One day, a scruffy, beggarly man passes by: this time it’s Jean Valjean, just released after nineteen years on a slave galley. Earlier, he’d tried unsuccessfully to steal bread to feed his sister and her children, and was sentenced to fourteen years on the galley. Then five more years were added due to escape attempts. Even though now released, his passport marks him as a former convict, a man not to be trusted. Still, the bishop insists that Valjean board overnight in his home. But succumbing to his unfounded reputation, Valjean steals a set of silver candleholders from the bishop’s house. Naturally, Valjean is caught again. But the bishop insists to police officers that he’s given Valjean the candleholders. In fact, after the police leave, he allows the convict to keep the candleholders, with a proviso: he’s to use them to become an honest man.
As we’ll see at other times with other characters, such kindness sets Valjean into a spiritual and psychological turmoil; he doesn’t know how to react – except to thank God.

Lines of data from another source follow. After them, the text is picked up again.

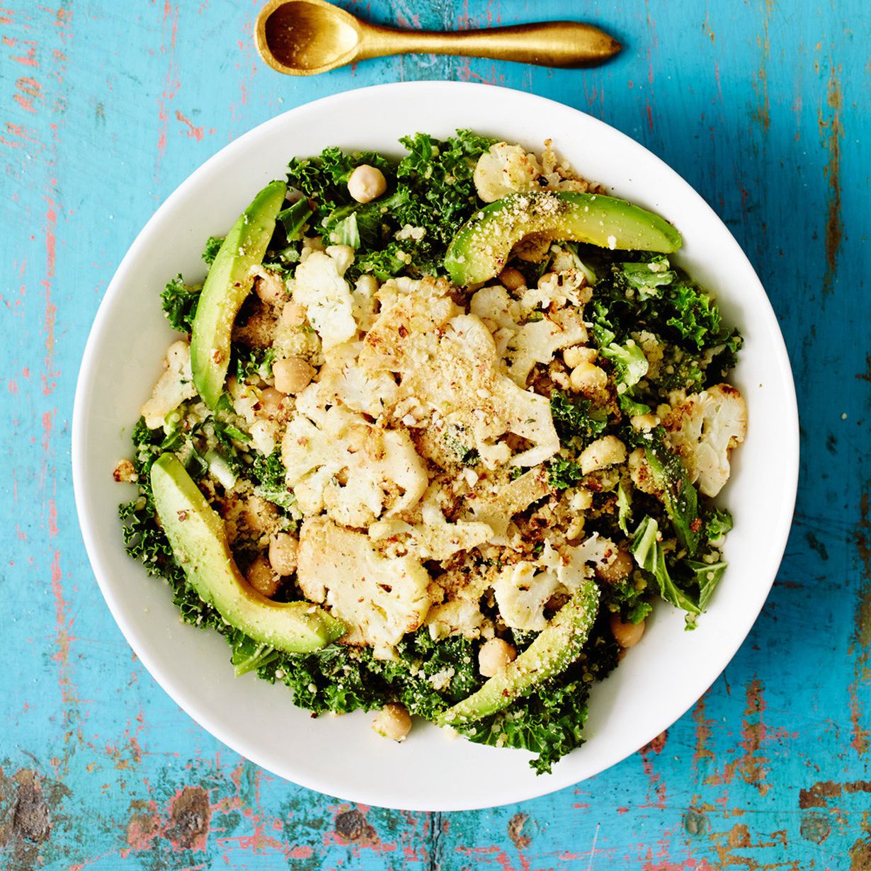 - Halkaise avokado, poista kivi ja lohko hedelmäliha. Sekoita jäähtynyt kvinoa ja valutetut kikherneet kaalinlehtien joukkoon. Sekoita kastike tasaisesti salaatin joukkoon. Ripottele hampunsiemenparmesaani päälle ja koristele kukkakaali-krutongeilla ja avokadolohkoilla.
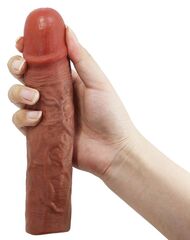 Насадка из TPR добавляет размер и реалистичность. Прирост длины - 7,6 см. Вены и объёмная головка на внешней стороне стимулируют партнёра естественно. Гладкий внутренний канал обхватывает член, усиливая ощущения.
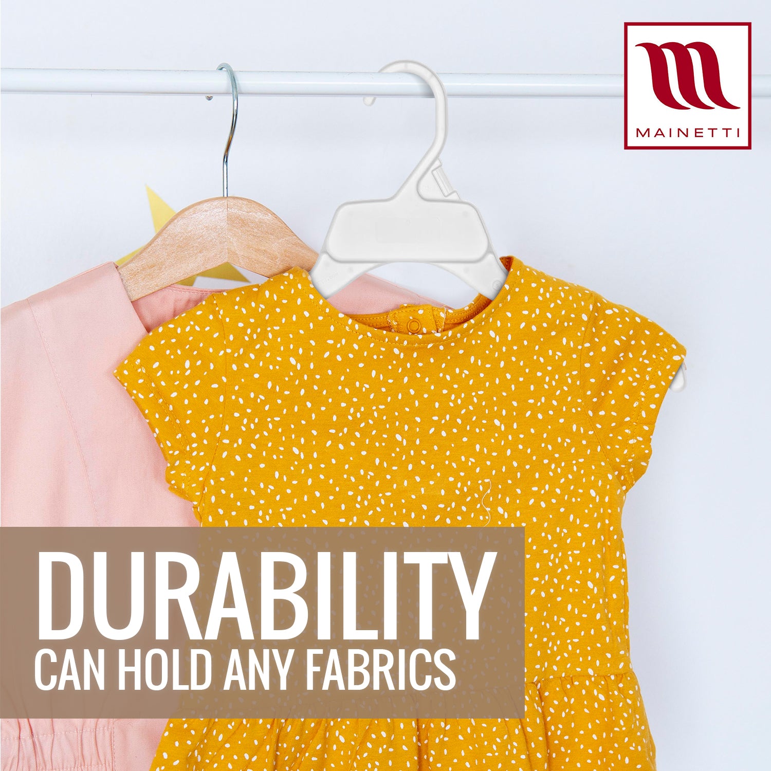 We are Mainetti. The most diverse full-service supplier of retail solutions. We are an innovator in garment hangers for famous names in retail and apparel. We pride ourselves in product sustainability and innovation across the global supply chain - from hangers to polybags, packaging labels, and RFID technology.
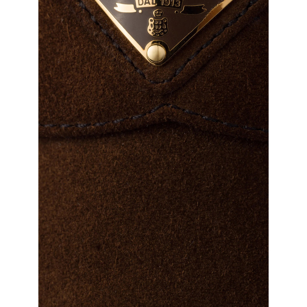 brown suede slip-on style enamel triangle logo almond toe flat sole
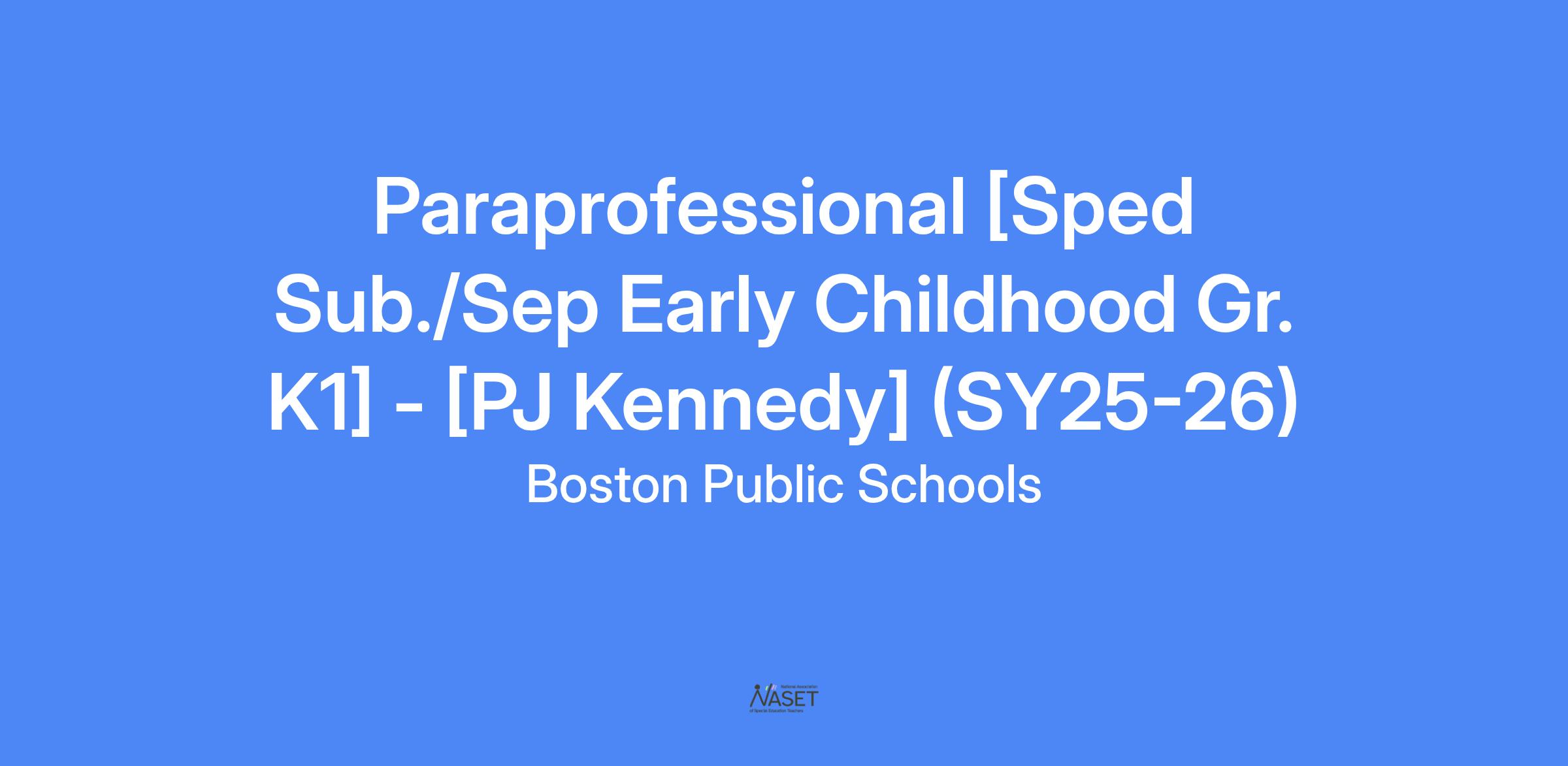 Paraprofessional [Sped Sub./Sep Early Childhood Gr. K1] - [PJ Kennedy] (SY25-26)
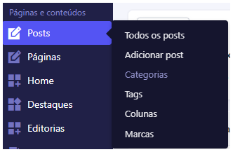 - Acesse o menu Posts > Categorias:

In order to escape his past, and to avoid the supremely focused policeman Javert, Valjean becomes Monsieur Madeline – an enterprising businessman, a philanthropist, and eventually mayor of the town of Montreuil-sur-mer.
In Book Three, Hugo finally introduces us to Fantine. She’s a working class girl – one of four – who has her eye on a well-off playboy type, Tholomyès. He and three of his male friends toy with the four girls, treat them cavalierly, and Fantine ends up pregnant with Tholomyès child, Cosette.
Fantine has a hard time supporting herself and Cosette, and bargains to leave the child with the Thénardier family, who are destined to be the villains of Hugo’s piece. They treat Cosette cruelly and continually increase their price of keeping the child. Fantine becomes distraught and penniless because of this – and she’s threatened with prison, only to be saved by M. Madeline.
Javert begins to meddle in the affair. He informs Madeline that someone has been arrested for stealing apples; the supposed perp is thought to be the ex-convict Valjean. Madeline deliberates, trying to decide if he should sit tight and let this man, Champmathieu, be sent to the galleys as Valjean. But he can’t do this; he travels to the trial in the town of Arras and proclaims himself to be Valjean. Champmathieu is acquitted and Madeline returns home, where Fantine is dying. Following her death, Madeline tacitly assumes responsibility for Cosette. But Javert has come to take Madeline to prison. Of course, the town of Montreuil-sur-mer is set on its ear by the news, and Madeline becomes universally shunned.
Here, Hugo is giving us a micro-view of French society. The rich have no use for the poor, as personified by Fantine’s treatment by Tholomyès, and his friends. Yet the poor have little use for one another (example: the Thénardiers) due to the brutal conditions of the underclass.
But why has Hugo introduced Myriel at the book’s beginning? Clearly, to depict two things: first, society doesn’t have to operate in the above manner. Myriel is of rich origins, and he’d consummately compassionate. Also, Hugo seems to want to set Myriel apart as an instrument of God, believing that only by such divine intervention can French society be set to rights.
As he says of Myriel: “What was this surplus of love? It was a serene benevolence, flowing over all people…”
But Hugo also wishes to note that same divine spark in the secular world as well, even in society’s dregs. He allows Cosette to become known as The Lark, a delicate, beautiful being among these damaged dregs. But he wants us to be aware that this spark is fragile, that the brutality and harshness of French underclass life can snuff out even this whisper of the divine.
Javert, then, is the implement of enforcing the status quo on these poor, with no consideration for or conception of kindness and compassion.
And what of M. Madeline? He’s Hugo’s vehicle of passage (at this point) through French society. He’s a convict on the lam, an exemplar of France’s growing middle class, who has made himself wealthy and has brought up with him those who work in his factory. As well, he champions the all-too-poor whom he continually helps, despite their minimal “value” to local society. He has indeed taken Myriel’s admonishment to heart.
What’s relevant here to us of the twenty-first century is that M. Madeline is an example of what can be done by one person in upholding human dignity and protecting it from threat by selfish callousness.